Also says that a history depth of 100 is being requested, but it is actually 1000 on parameter events. Unless that log print is for another topic? And why does it say its capacity is 1, when the default for publishers is 16 (https://github.com/eclipse-iceoryx/iceoryx/blob/master/iceoryx_posh/cmake/IceoryxPoshDeployment.cmake#L56)?

I'm posting this here since I am using Eclipse CycloneDDS from ros2, and I'm assuming that selecting candidate topics for shared mem belongs with CycloneDDS, but maybe I'm incorrect.

Aposhian avatar Jul 05 '22 16:07 Aposhian

@Aposhian What happens currently when SHM is enabled (also with rmw_cyclonedds) is all types (including dynamic types like string/vector) will be transferred using SHM, but dynamic types (that don't have fixed size) will be serialized into the shared memory. Of course, this will have serialization overhead but might still be beneficial as we bypass the network stack.
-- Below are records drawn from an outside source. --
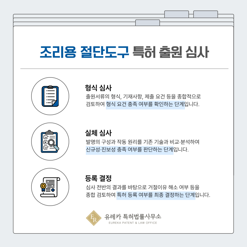 칼이나 절단기와 같은 분야는 기존 기술이 많기 때문에 차별성이 명확하지 않으면 거절될 수 있습니다.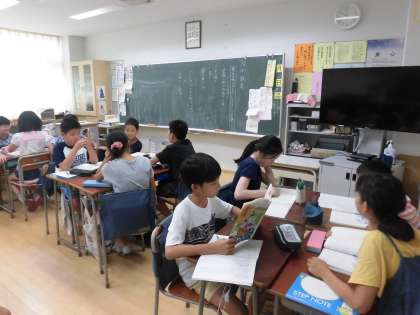 社会と国語の授業でした。和気あいあいと雰囲気でした。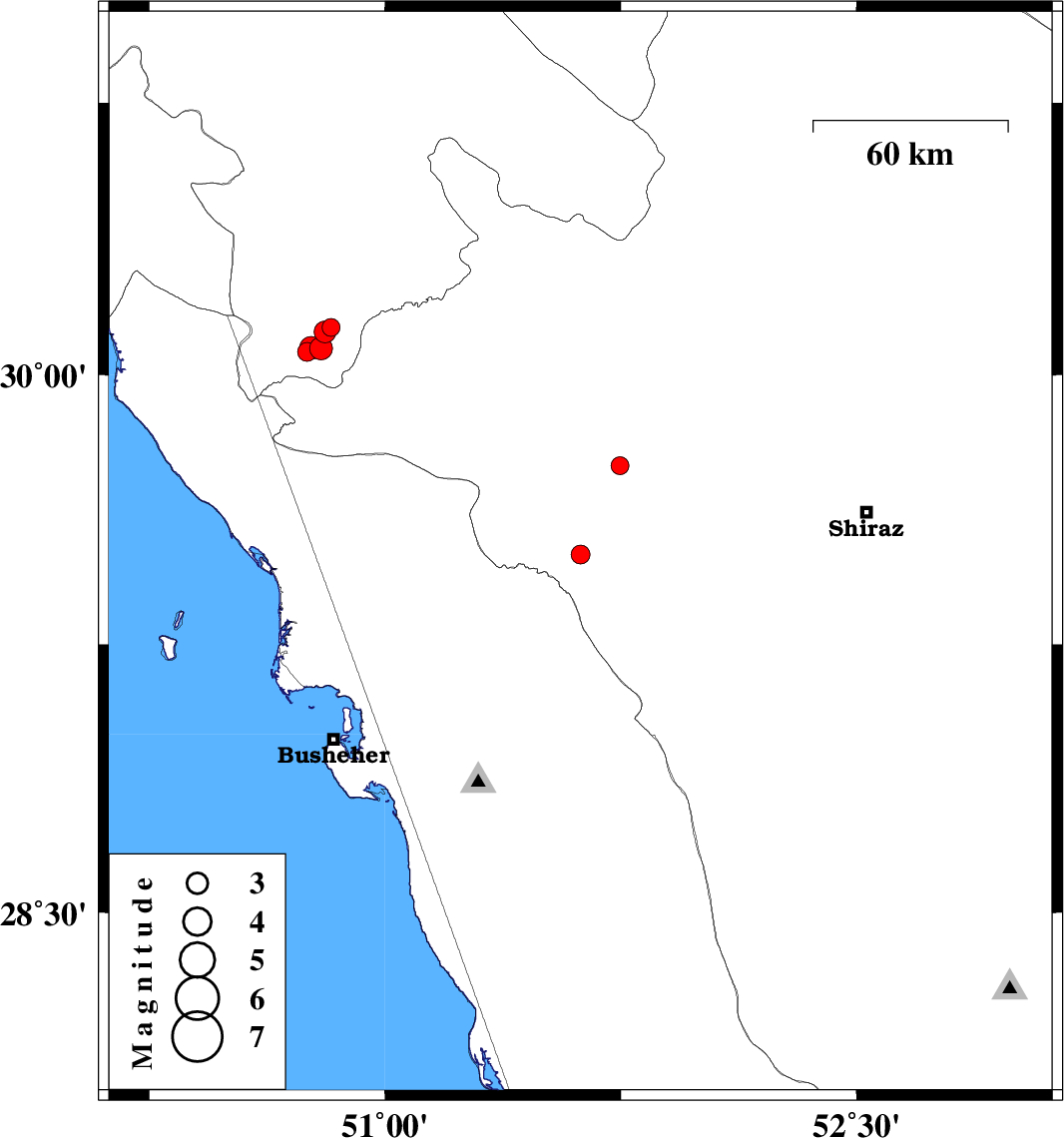 | 2016/08/15 | 00:58:00.3 | 05:28:00.3 | 29.501 | 51.622 | 6 | ML:2.7 | Fars Province, 14 km South of Kazerun | ||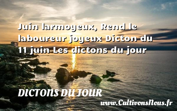 4.7/5 - (8 votes) Juin larmoyeux, Rend le laboureur joyeux Dicton du 11 juin Les dictons du jour A lire Pluie de Saint-Aurélien, - PARTAGER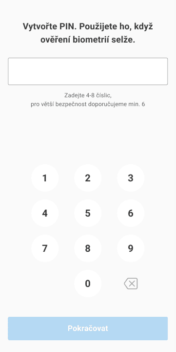 Whether you enable biometrics or not, you also need to set up a numeric PIN. This will be used to log in to the app, or for times when biometric authentication fails. The PIN must be at least four digits, but for security reasons, we recommend a six- to eight-digit PIN. You must enter the PIN twice in a row for verification. Consecutive numbers (e.g. 222222) or simple consecutive number sequences (1234, etc.) are not allowed. The system will not allow you to enter a similar, easily identifiable PIN.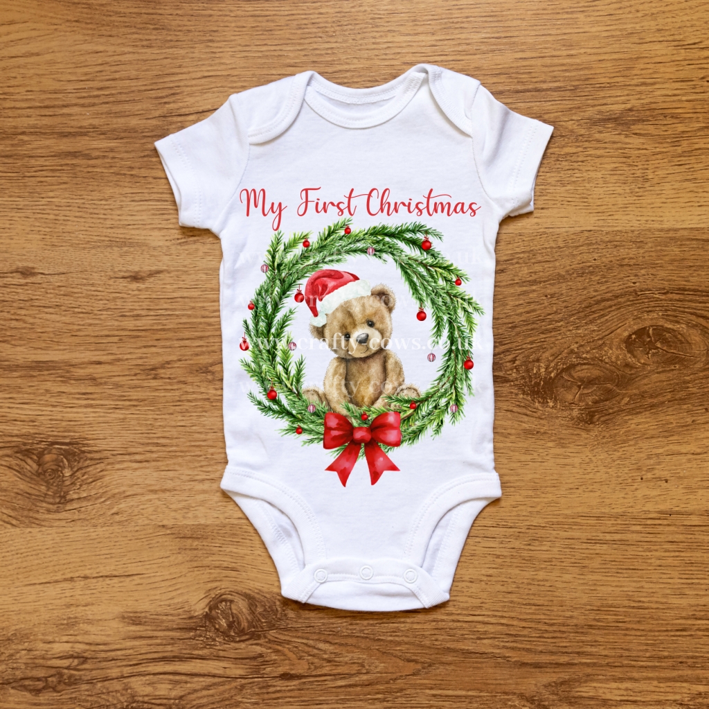 Transform your baby's wardrobe this holiday season with the adorable First Christmas Bear Wreath DTF transfer. Keep your little one festive and cozy in style!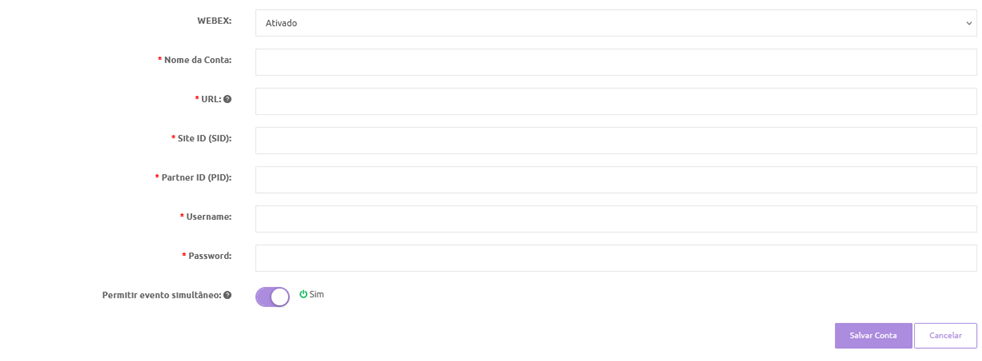 - WebEx Site ID (SID) e Partner ID (PID): informações da conta que devem ser preenchidas.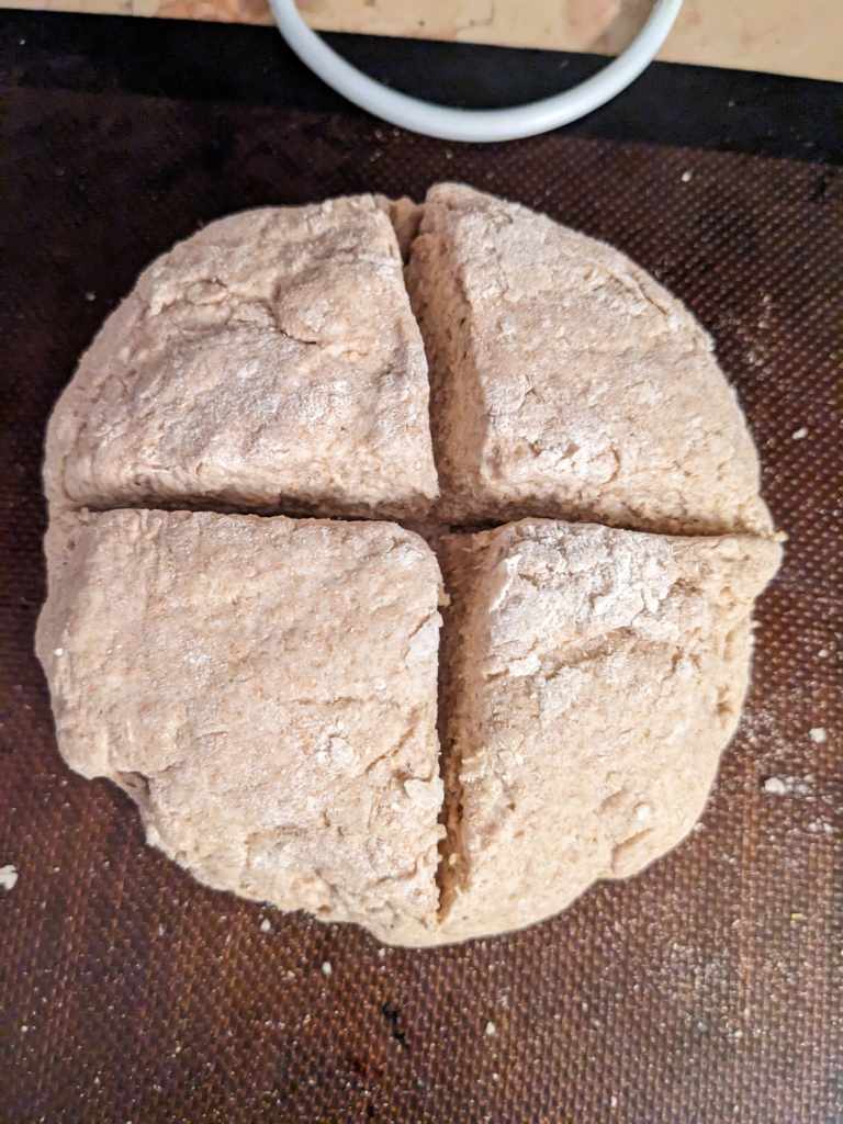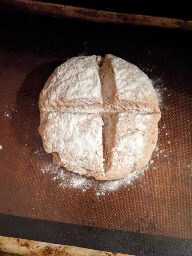 Form the dough into a ball, but don’t get the lads over for a game of footie! Instead, place it on a lined baking tray. Cut down into the dough 1/3 of the way through the entire diameter of the bread (using a serrated knife) and then cut the other direction in the same way to form a cross.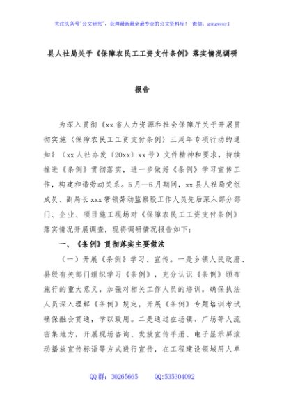 / 县人社局关于《保障农民工工资支付条例》落实情况调研报告

Also says that a history depth of 100 is being requested, but it is actually 1000 on parameter events. Unless that log print is for another topic? And why does it say its capacity is 1, when the default for publishers is 16 (https://github.com/eclipse-iceoryx/iceoryx/blob/master/iceoryx_posh/cmake/IceoryxPoshDeployment.cmake#L56)?
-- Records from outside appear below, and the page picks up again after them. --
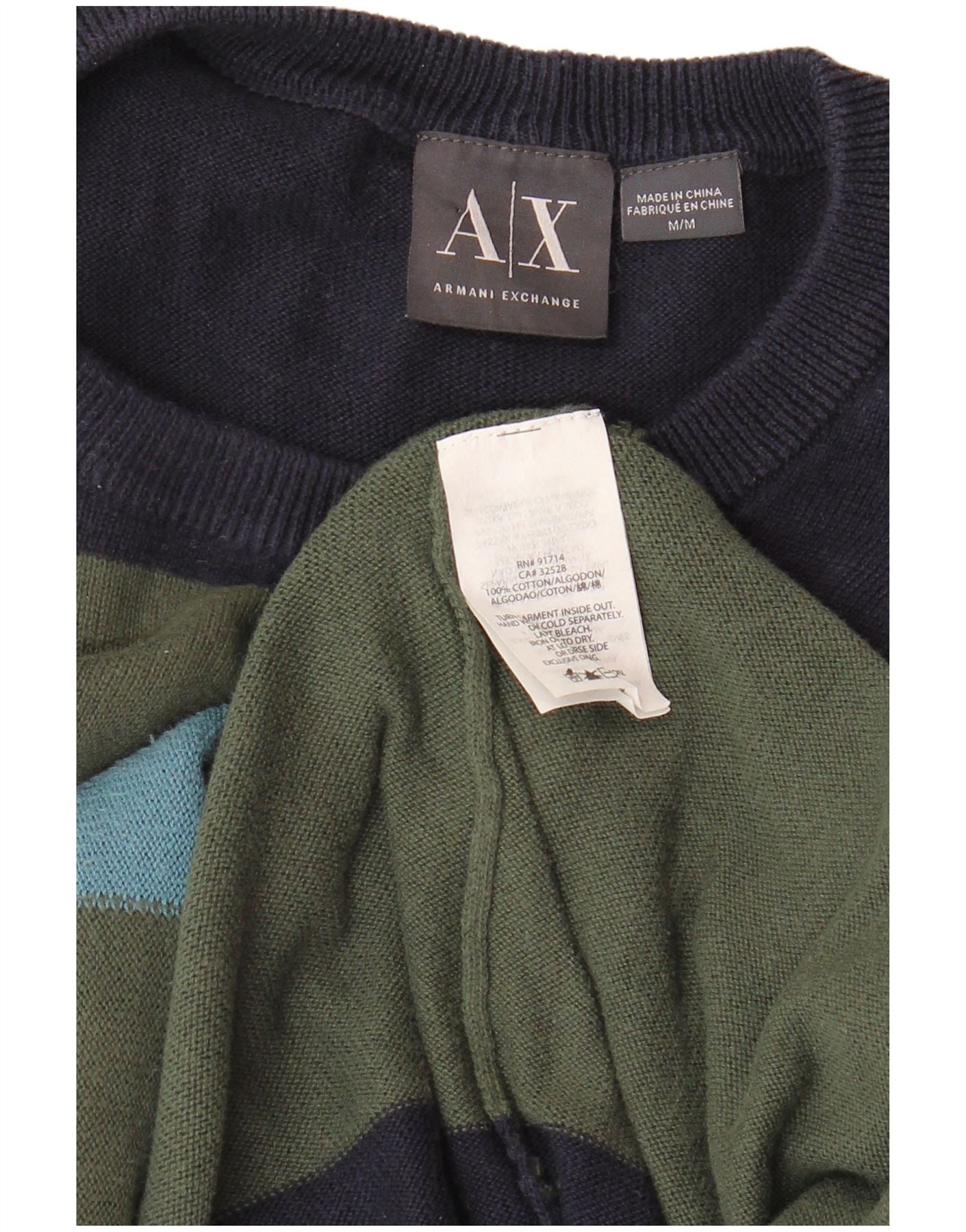 ARMANI EXCHANGE Mens Crew Neck Jumper Sweater Medium Navy Blue Colourblock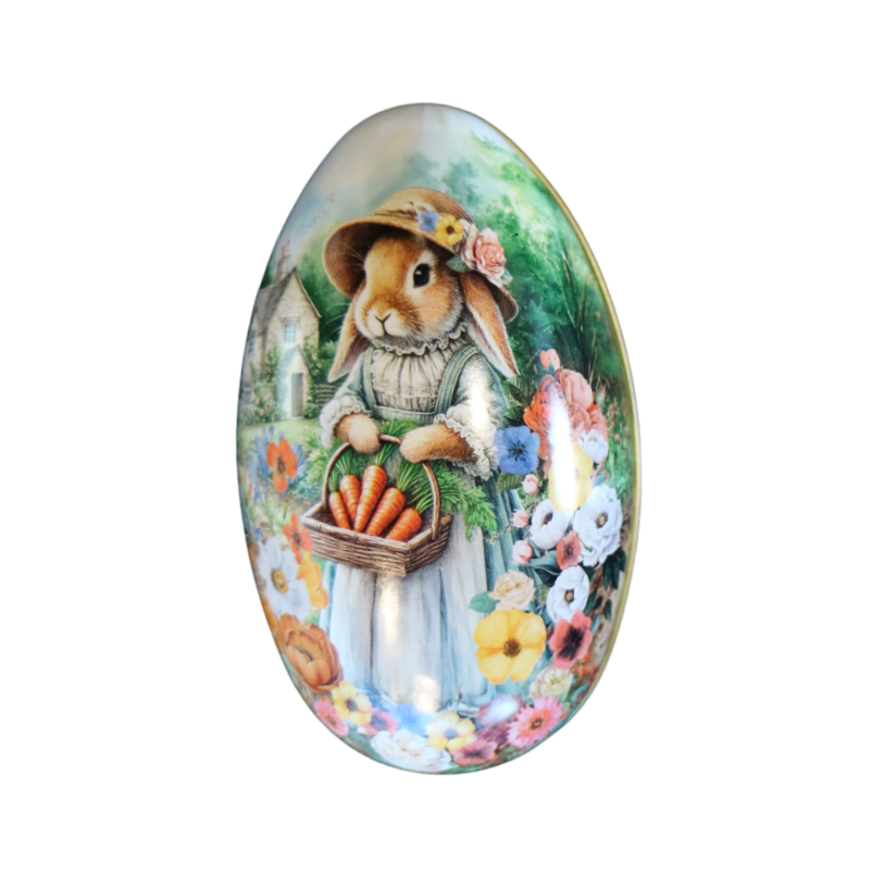 Lata decorativa em formato de ovo. Pode ser adquirida sozinha ou com ovinhos de chocolate.
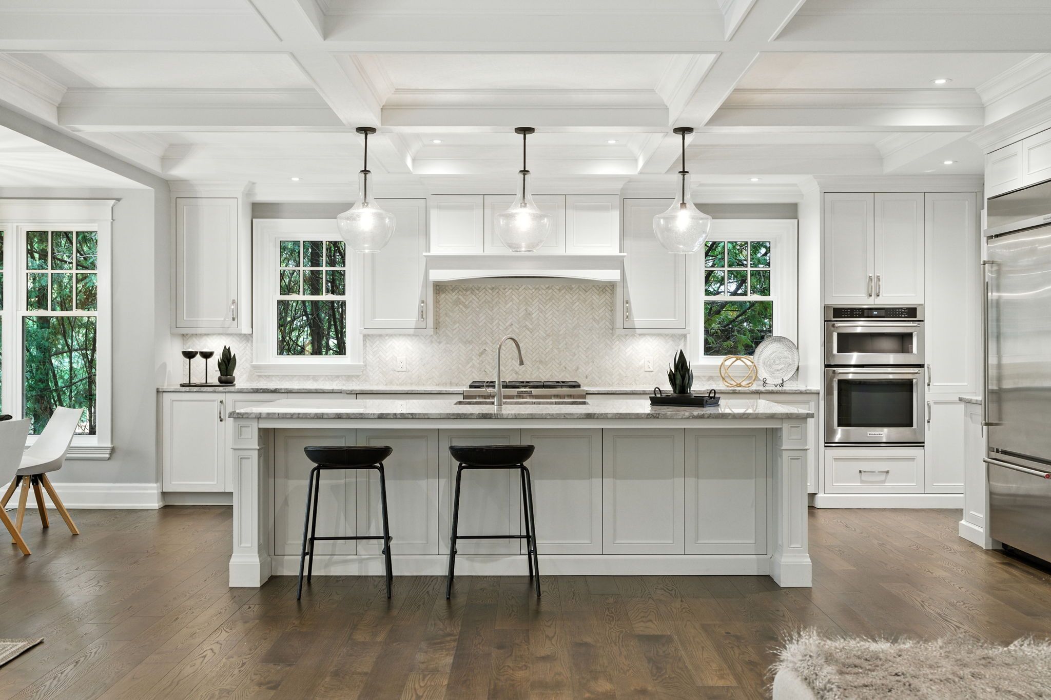 • Gourmet kitchen with large island and built-in stainless steel appliances.

When using SHM the history capacity for the iceoryx publisher is configured as follows:

  • with volatile durability, the history capacity is set to 0
  • with transient local, the history capacity is set to what is requested for the history depth. The history depth for transient local is controlled by DurabilityService which has a default history depth of 1.
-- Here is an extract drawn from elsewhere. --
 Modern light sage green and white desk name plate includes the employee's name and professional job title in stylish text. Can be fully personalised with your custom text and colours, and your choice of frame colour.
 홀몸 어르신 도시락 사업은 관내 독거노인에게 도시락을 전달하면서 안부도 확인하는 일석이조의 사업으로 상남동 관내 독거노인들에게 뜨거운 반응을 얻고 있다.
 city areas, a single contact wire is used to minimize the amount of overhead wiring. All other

From the log output, it seems that the publisher is using transient local durability and because of this you see 1 as the history capacity.

I am not sure where 100 is coming from, probably this is the history depth when creating the rclcpp::subscription for ParameterEvents?


I think the default number of chunks allowed to hold simultaneously is 256, if the application is holding more than these samples, then you get the TOO_MANY_CHUNKS_HELD_IN_PARALLEL error. Is it the use-case that the application holds all the samples of parameter events?

CC @eboasson @MatthiasKillat

sumanth-nirmal avatar Jul 07 '22 07:07 sumanth-nirmal

Thank you for explaining those points. And I am excited to learn that dynamically sized types are supported. Maybe this section should be updated in the docs?

First, the data types to be exchanged need to have a fixed size. This precludes the use of strings and sequences at any level in the data type, though this does not prevent the use of arrays, as their size is fixed at compile time. If any of these types of member variables are encountered in the IDL code generating the data types, shared memory exchange is disabled.

Could you help me understand what it means to hold chunks?

Also, here is the full output of ros2 topic info --verbose /parameter_events when this example system is running. It looks like every ROS node is both publishing to and subscribing to /parameter_events: ros2_topic_info_parameter_events.txt

Aposhian avatar Jul 07 '22 15:07 Aposhian

@Aposhian I did not look at the details of your report yet. As for holding a chunk when using shared memory.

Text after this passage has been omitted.